Task details →
Within the lines below, the span from the line with "Sherwani Man, a" to the line with "A string of", both ends included, is to be reproduced exactly, with pictures omitted.

Data records
↓
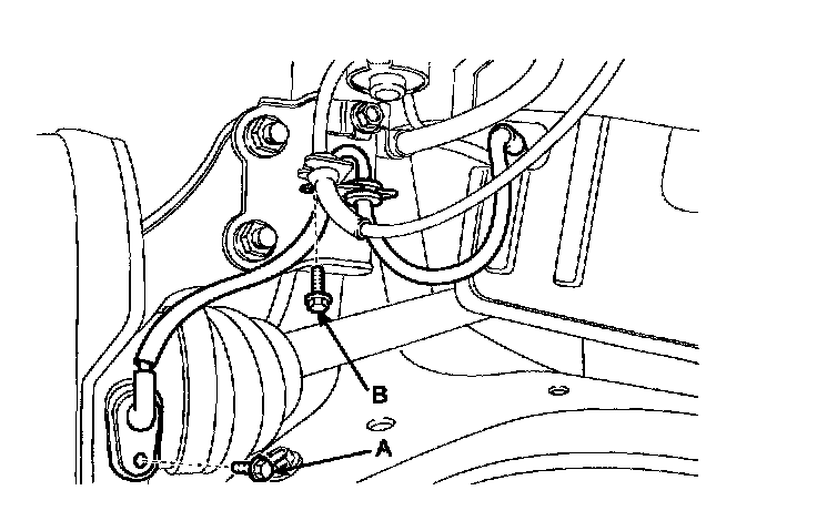 1. Remove the front wheel speed sensor mounting bolt (A) and cable mounting bolt (B).
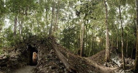 Pohon-pohon tumbuh di atas gundukan yang sebenarnya rumah dibangun oleh orang-orang Maya dan berisi gambar-gambar figur kuno, kemungkinan juru catat kota, dalam foto yang diperoleh Reuters 10 Mei 2012. Rumah ini ditemukan di pinggir situs kuno Xultun di Guatemala, kota yang dulunya menampung puluhan ribu orang.
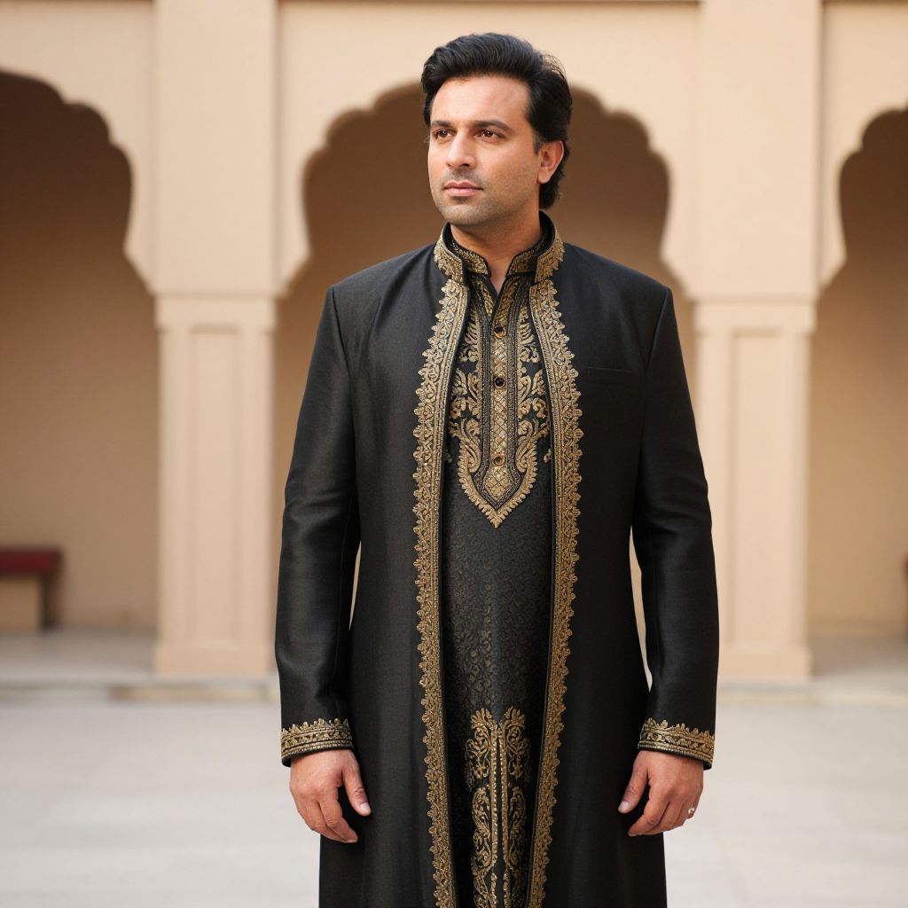 "Black Sherwani Man, a man in a black and gold sherwani with a black jacket"
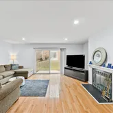 You’re welcomed by a spacious foyer with a coat closet and convenient powder room. The main living and dining area is bright and open with hardwood floors, a cozy wood-burning fireplace, and sliding glass doors that lead out to a private patio with access to both the rear and side yards—perfect for relaxing or entertaining.
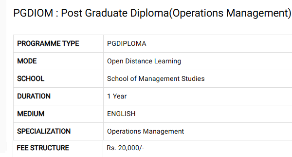 IGNOU PG Diploma Operations Management fees 2025 is ₹ 9,600 for the entire course duration.
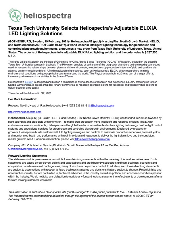The lights will be installed in the Institute of Genomics for Crop Abiotic Stress Tolerance (IGCAST) Phytotron, located on the beautiful Texas Tech University campus in Lubbock. The Phytotron consists of both state-of-the-art growth chambers and enclosed greenhouses used for researching relationships between plants and the environment, to optimize crop production in terms of yield and quality under adverse environmental conditions. A flexible adjustable light source, such as Heliospectra’s ELIXA, allow researchers to mimic environmental conditions and geographical areas from around the world. The Phytotron was built in 2019 as part of a larger effort to increase quality research capabilities in the State of Texas.
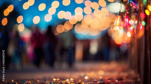 A string of decorative lights hanging in a line over a vibrant street fair. Shallow depth of field, bokeh and intentional blur.
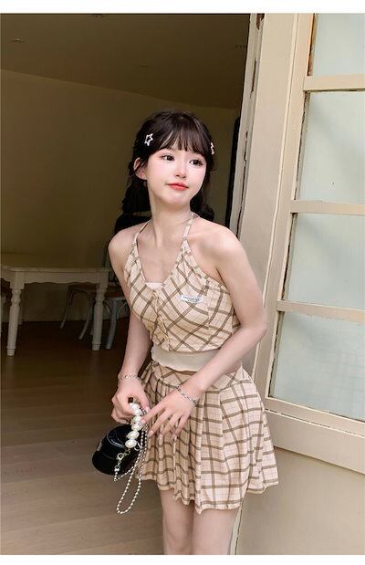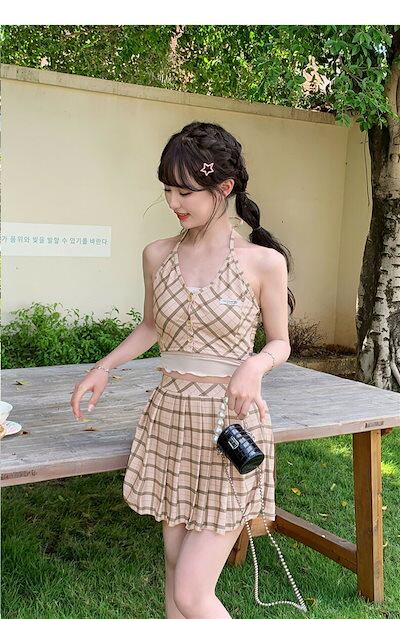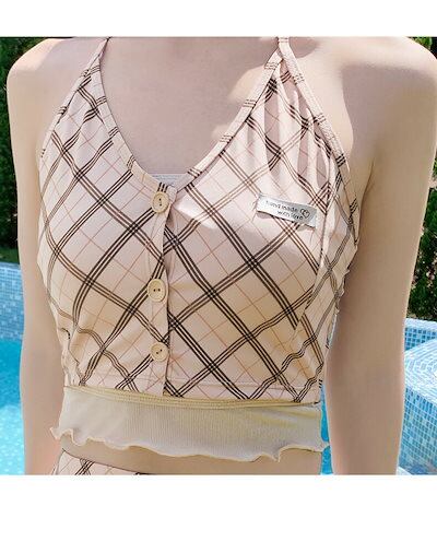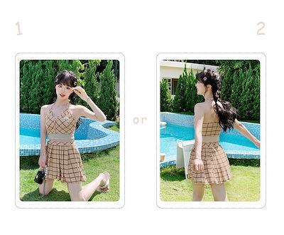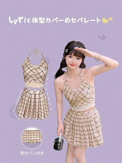 水着 レディース セパレート めくれ防止 チェック カーキ 体型カバー 女子水着 ショーツ付き セパレート スカート 肩出し フリル 可愛い 大人女子 20代 30代 二の腕 水着 ビキニ タンキニ
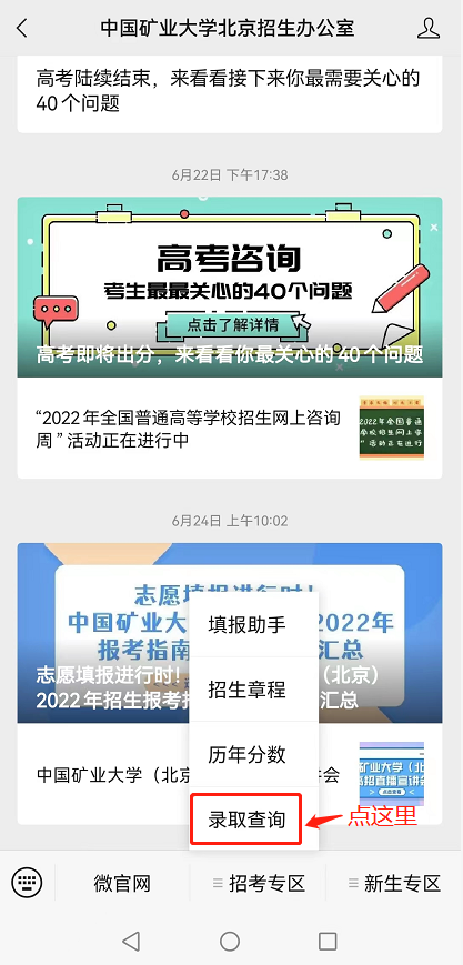 1、点击下方菜单栏—>招考专区—>录取查询。
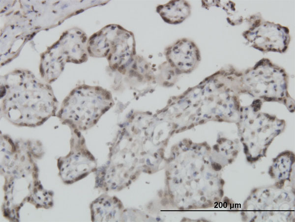 Immunoperoxidase of monoclonal antibody to S100A11 on formalin-fixed paraffin-embedded human placenta. [antibody concentration 3 ug/ml]
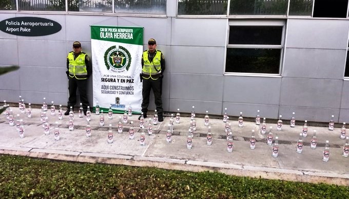 En la zona de carga del aeropuerto Olaya Herrera de Medellín fueron incautadas 90 botellas de licor de tipo Vodka que venían procedentes de la isla de San Andrés. Las botellas de licor no contaban con el manifiesto de aduana y tampoco estampillas. El material fue incautado y puesto a disposición de las autoridades competentes.
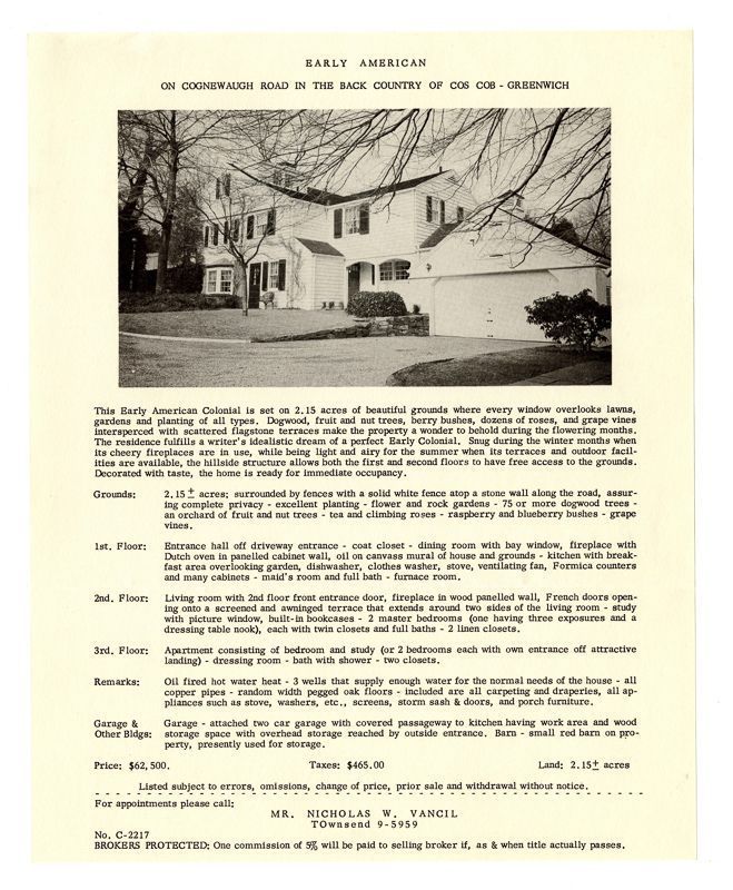 Ad with an image of the front of the house and information on the location, rooms, and price.
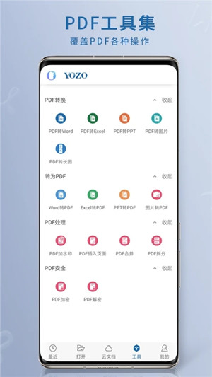 支持PDF文档打开阅读,支持文字处理和简报制作一键存储为PDF格式文档;支持PDF与其他常见文件类型的互相转换;支持PDF处理,包含PDF合并、拆分、加水印及页面插入。
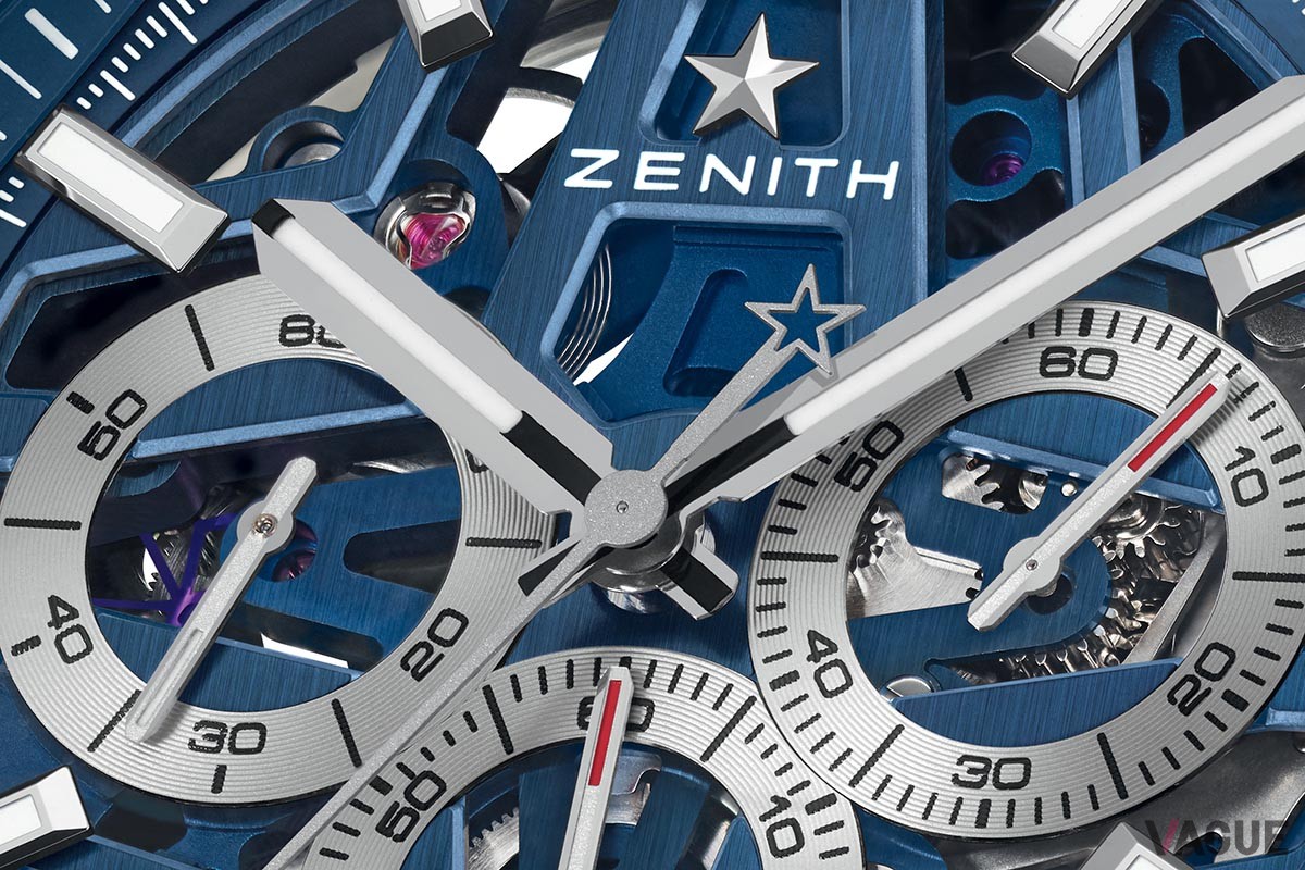 ダイヤルに施された特徴的なオープンワークは、3針モデルのスケルトンダイヤルと同じく、ゼニスの歴史的ロゴ「ダブルZ」を彷彿とさせるもの。サブダイヤルの内側に取り入れられた透かし彫りが立体感をいっそう強調します。
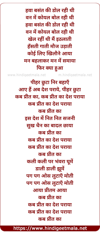 Lyrics of Hawa Basant Ki Dol Rahi Thi - हवा बसंत की डोल रही थी
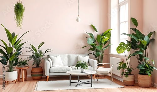 Living Room Oasis with Lush Greenery and Natural Light. AI Generated
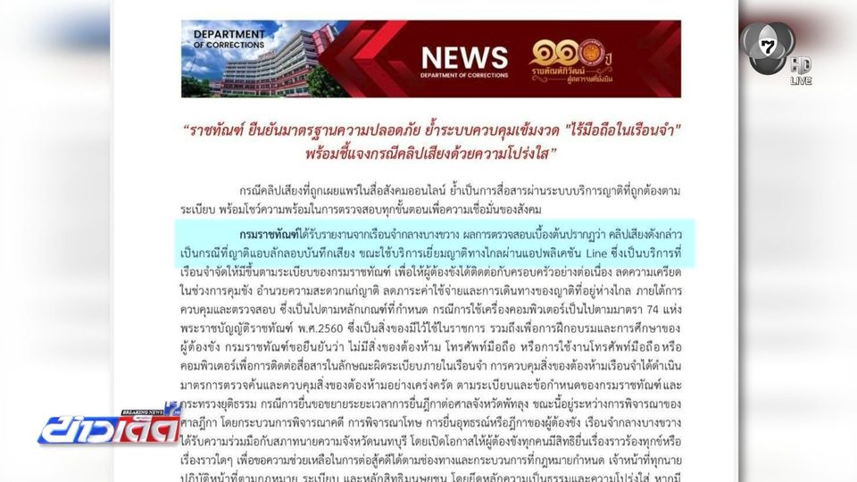 ข่าวเด็ด 7 สี - กรมราชทัณฑ์ สั่งตรวจสอบกรณีคลิปเสียง "แป้ง นาโหนด" พบเป็นการแอบบันทึกจากการเยี่ยมญาติทางไกลผ่านช่องทาง "ไลน์" พร้อมชี้แจงทุกประเด็นที่มีข้อสงสัย
↑
Result →
 "Black Sherwani Man, a man in a black and gold sherwani with a black jacket"
 You’re welcomed by a spacious foyer with a coat closet and convenient powder room. The main living and dining area is bright and open with hardwood floors, a cozy wood-burning fireplace, and sliding glass doors that lead out to a private patio with access to both the rear and side yards—perfect for relaxing or entertaining.
 IGNOU PG Diploma Operations Management fees 2025 is ₹ 9,600 for the entire course duration.
The lights will be installed in the Institute of Genomics for Crop Abiotic Stress Tolerance (IGCAST) Phytotron, located on the beautiful Texas Tech University campus in Lubbock. The Phytotron consists of both state-of-the-art growth chambers and enclosed greenhouses used for researching relationships between plants and the environment, to optimize crop production in terms of yield and quality under adverse environmental conditions. A flexible adjustable light source, such as Heliospectra’s ELIXA, allow researchers to mimic environmental conditions and geographical areas from around the world. The Phytotron was built in 2019 as part of a larger effort to increase quality research capabilities in the State of Texas.
 A string of decorative lights hanging in a line over a vibrant street fair. Shallow depth of field, bokeh and intentional blur.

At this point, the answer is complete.